> [WHAT TO PRODUCE]:
Leave out the pictures and copy the remaining records exactly.

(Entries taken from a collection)
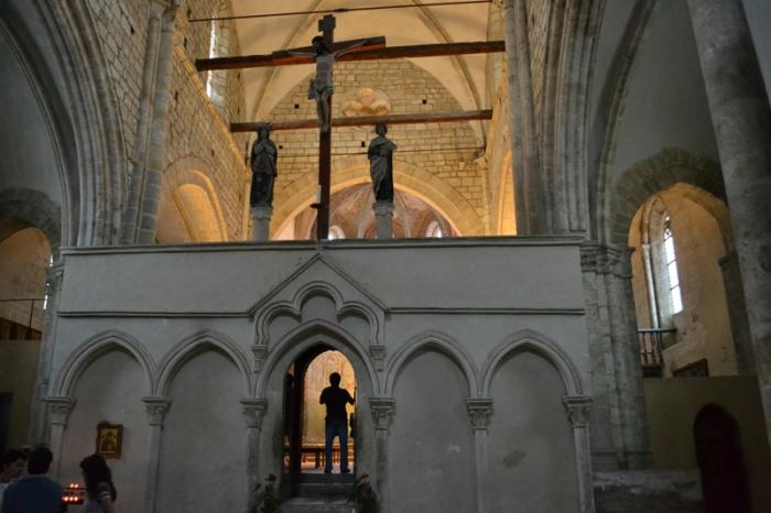 Внутренняя часть церкви разделена на две части стеной. В средние века такое деление было весьма распространенным. На стороне главного алтаря сидели аристократы и духовенство, а обычные люди толпились позади. В 17-м веке римский папа приказал прекратить подобную несправедливость, но в Сьоне духовенство устояло. В результате стену так и не убрали, а просто добавили дверь.
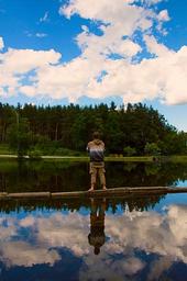 Keywords: man pond water sky mirroring blue nature swimming pond
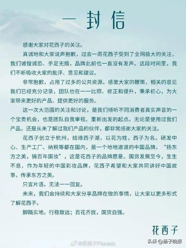 文章中称,外界普遍认为《一封信》是极其失败的公关案例,有消息称《一封信》并非出自花西子公关部之手,公关部已有员工主动辞职。一位不愿透露姓名的花西子离职公关A,表示离职一事属实。“早在信发出前,大家就已提交离职申请。现在只剩一些入行不久的年轻公关……”“《一封信》就像是‘小学生作文’,和公关部没有关系”……
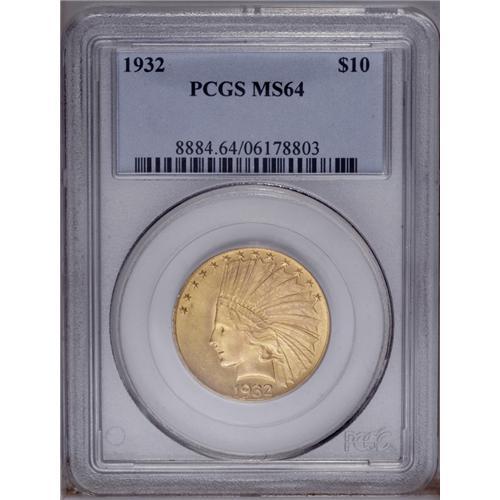 <B>1932<$10> MS64 PCGS.</B></I> Bright and frosty with radiantly lustrous, matte-like surfaces that are minimally abraded for a near-Gem. The 1932 Indian eagle is the only readily collectible gold issue from the 1930s.
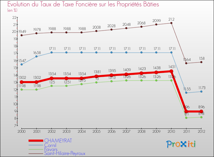 Pendant la même période, les communes françaises similaires à Chameyrat, ont vu leur taux de taxe foncière sur le bâti augmenter de 22.76 % en moyenne entre 2000 et 2012.
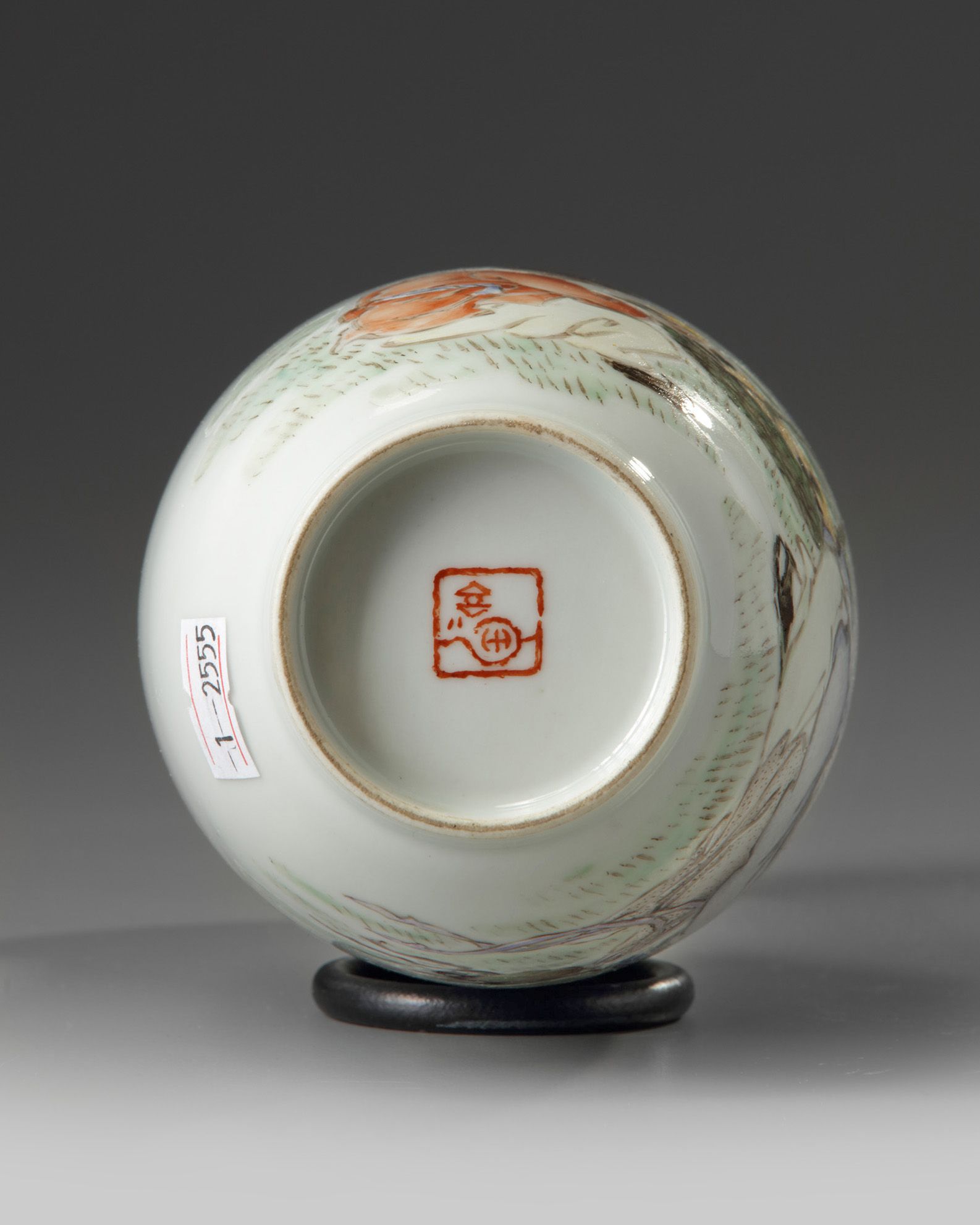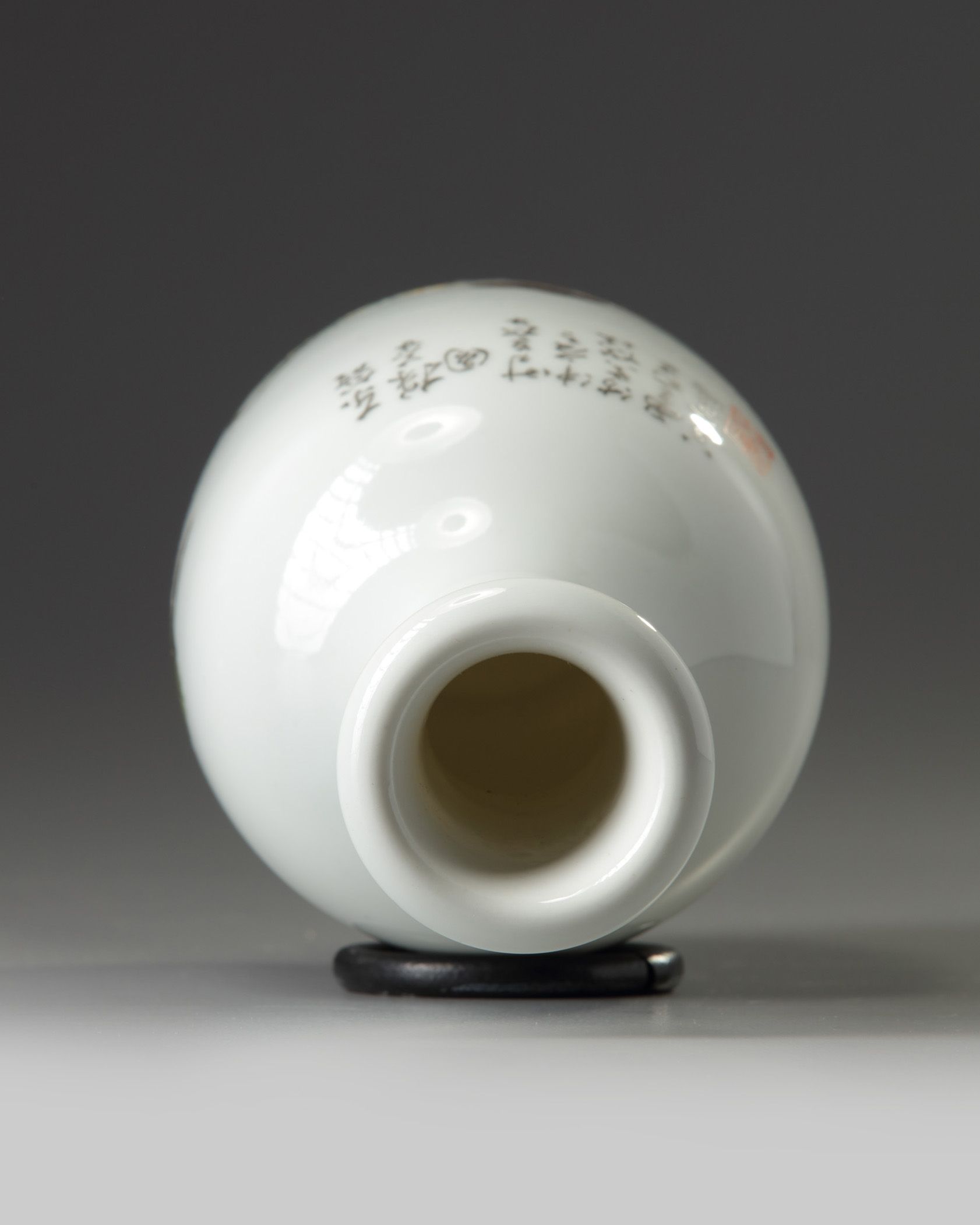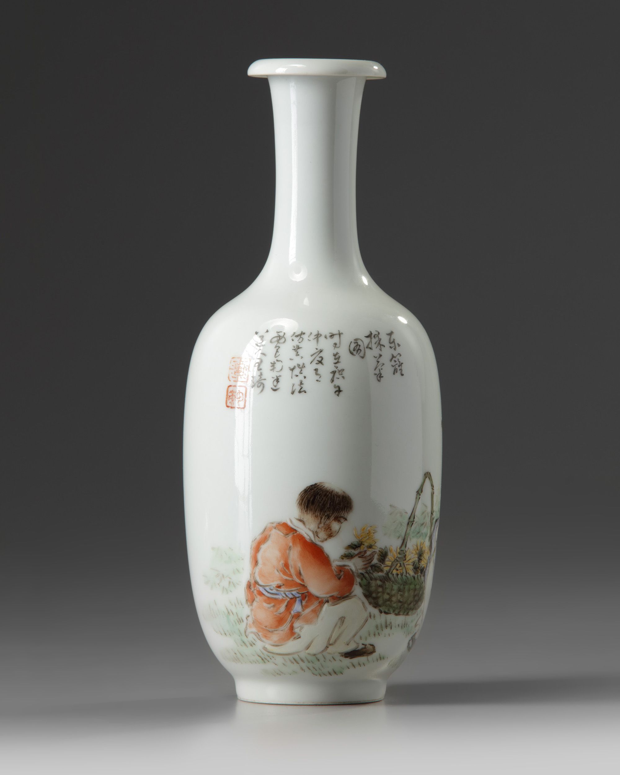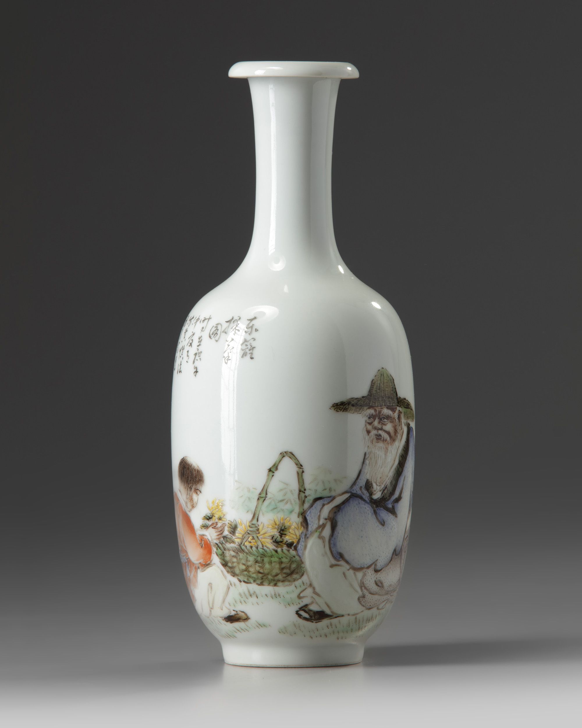 The vase is with a long neck and decorated with an elderly figure and boy seated with a basket full of flowers, entitled and inscribed with the signature of Wang Qi.
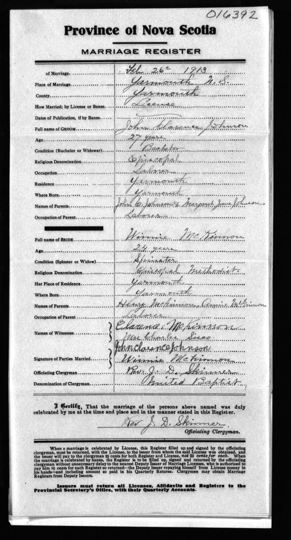 Registration: Year: 1913 number: 16392
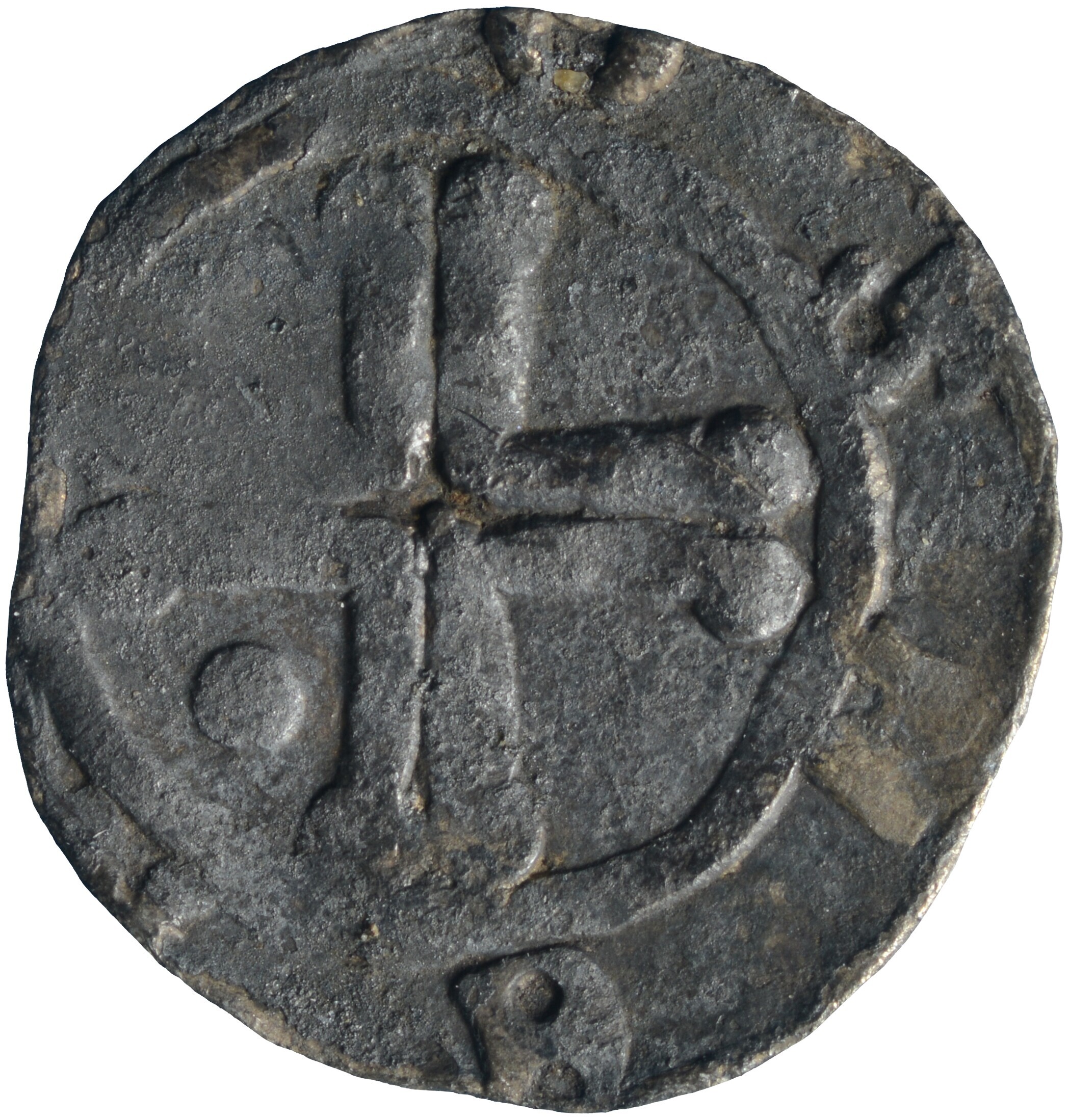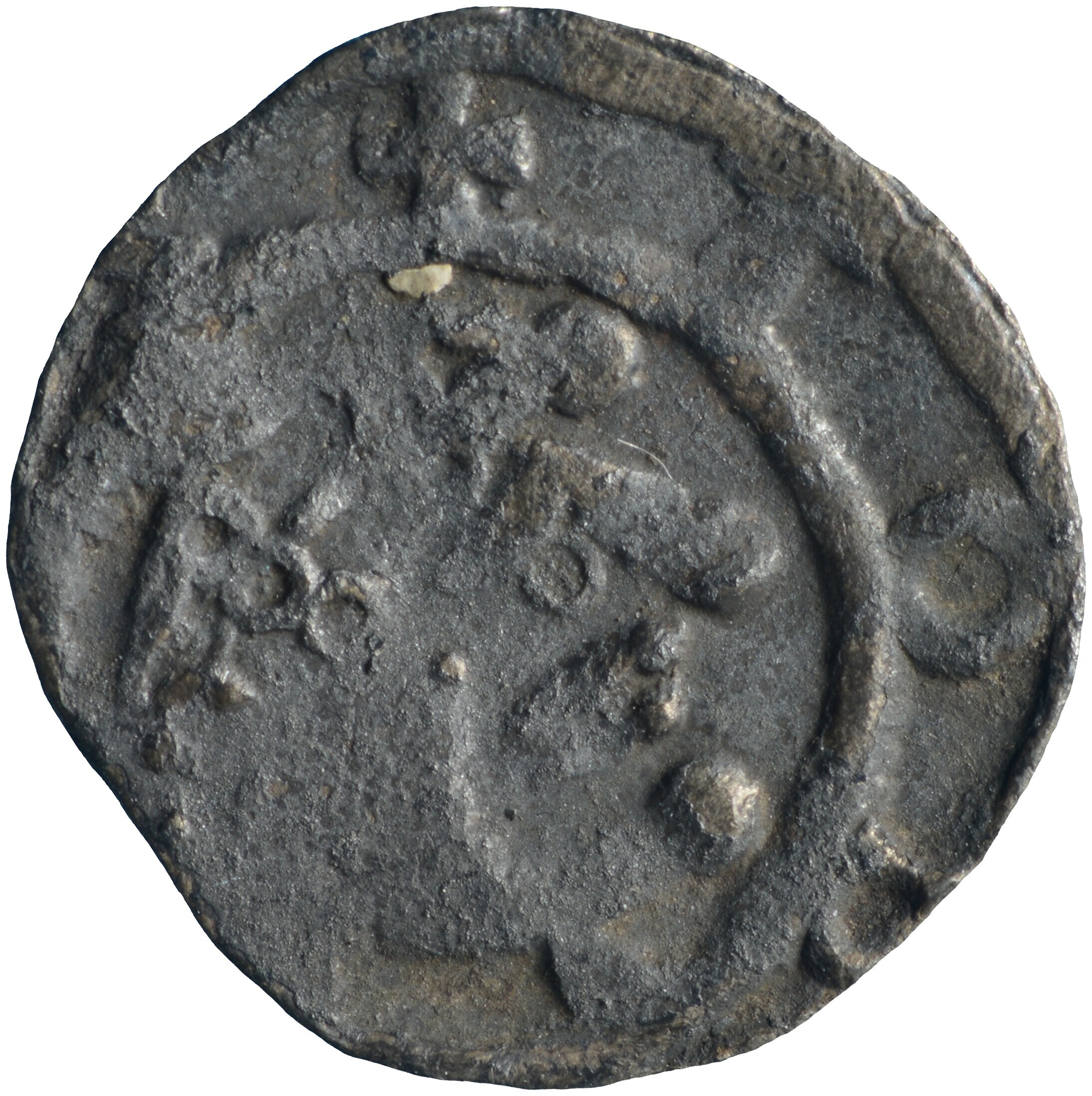 Penning; Duitsland; Kleef Graafschap (1020-1417); Dirk VI (1202-1260); vz.: hoofd met gravenmuts naar rechts binnen parelcirkel, met omschrift xTOD[ERID]S; kz.: kort dubbellijnig kruis met puntvorming uiteinde met in één van de kwadranten een punt binnen parelcirkel, met omschrift [+N]OSNE[N]; muntplaats: Huissen; gewicht: 0.48 gram; referentie: Hengel: 13.1A
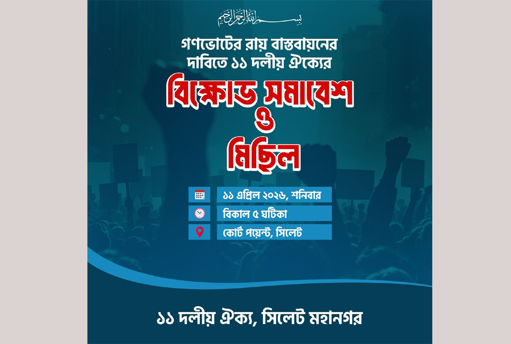 - সিলেট মহানগর ১১ দলীয় ঐক্যের গণমিছিল ও সমাবেশ
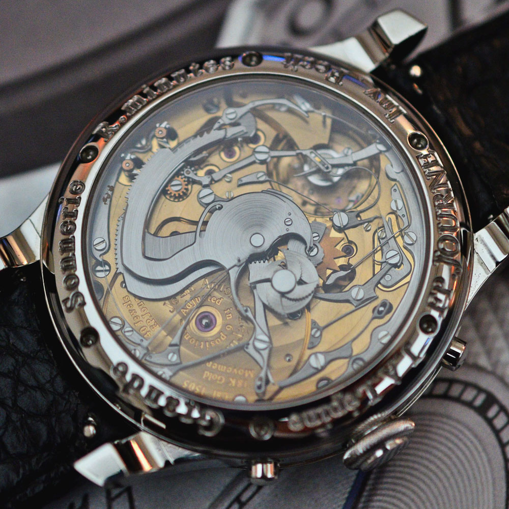 The Upside Down perfectly sums up Ludovic’s philosophy of creating very complicated timepieces with a high dose of eccentricity whilst remaining true to traditional techniques and craftsmanship. In his watches, the dial doesn’t always hint at the complexity hidden on the reverse side of things. In 2014 I had the pleasure of spending quite a bit of time with an Upside Down. As anticipated, most of the people I showed it to enjoy the whimsical dial but had no inkling as to the complexity beneath.
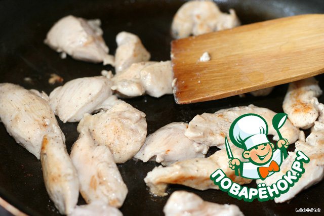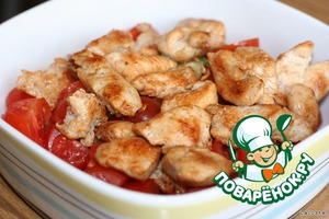Добавить помидоры черри (нарезанные половинками) и обжаренные кусочки курицы.

> [RESPONSE]:
 Внутренняя часть церкви разделена на две части стеной. В средние века такое деление было весьма распространенным. На стороне главного алтаря сидели аристократы и духовенство, а обычные люди толпились позади. В 17-м веке римский папа приказал прекратить подобную несправедливость, но в Сьоне духовенство устояло. В результате стену так и не убрали, а просто добавили дверь.
 Keywords: man pond water sky mirroring blue nature swimming pond
 文章中称,外界普遍认为《一封信》是极其失败的公关案例,有消息称《一封信》并非出自花西子公关部之手,公关部已有员工主动辞职。一位不愿透露姓名的花西子离职公关A,表示离职一事属实。“早在信发出前,大家就已提交离职申请。现在只剩一些入行不久的年轻公关……”“《一封信》就像是‘小学生作文’,和公关部没有关系”……
 <B>1932<$10> MS64 PCGS.</B></I> Bright and frosty with radiantly lustrous, matte-like surfaces that are minimally abraded for a near-Gem. The 1932 Indian eagle is the only readily collectible gold issue from the 1930s.
 Pendant la même période, les communes françaises similaires à Chameyrat, ont vu leur taux de taxe foncière sur le bâti augmenter de 22.76 % en moyenne entre 2000 et 2012.
 The vase is with a long neck and decorated with an elderly figure and boy seated with a basket full of flowers, entitled and inscribed with the signature of Wang Qi.
 Registration: Year: 1913 number: 16392
 Penning; Duitsland; Kleef Graafschap (1020-1417); Dirk VI (1202-1260); vz.: hoofd met gravenmuts naar rechts binnen parelcirkel, met omschrift xTOD[ERID]S; kz.: kort dubbellijnig kruis met puntvorming uiteinde met in één van de kwadranten een punt binnen parelcirkel, met omschrift [+N]OSNE[N]; muntplaats: Huissen; gewicht: 0.48 gram; referentie: Hengel: 13.1A
 - সিলেট মহানগর ১১ দলীয় ঐক্যের গণমিছিল ও সমাবেশ
 The Upside Down perfectly sums up Ludovic’s philosophy of creating very complicated timepieces with a high dose of eccentricity whilst remaining true to traditional techniques and craftsmanship. In his watches, the dial doesn’t always hint at the complexity hidden on the reverse side of things. In 2014 I had the pleasure of spending quite a bit of time with an Upside Down. As anticipated, most of the people I showed it to enjoy the whimsical dial but had no inkling as to the complexity beneath.
Добавить помидоры черри (нарезанные половинками) и обжаренные кусочки курицы.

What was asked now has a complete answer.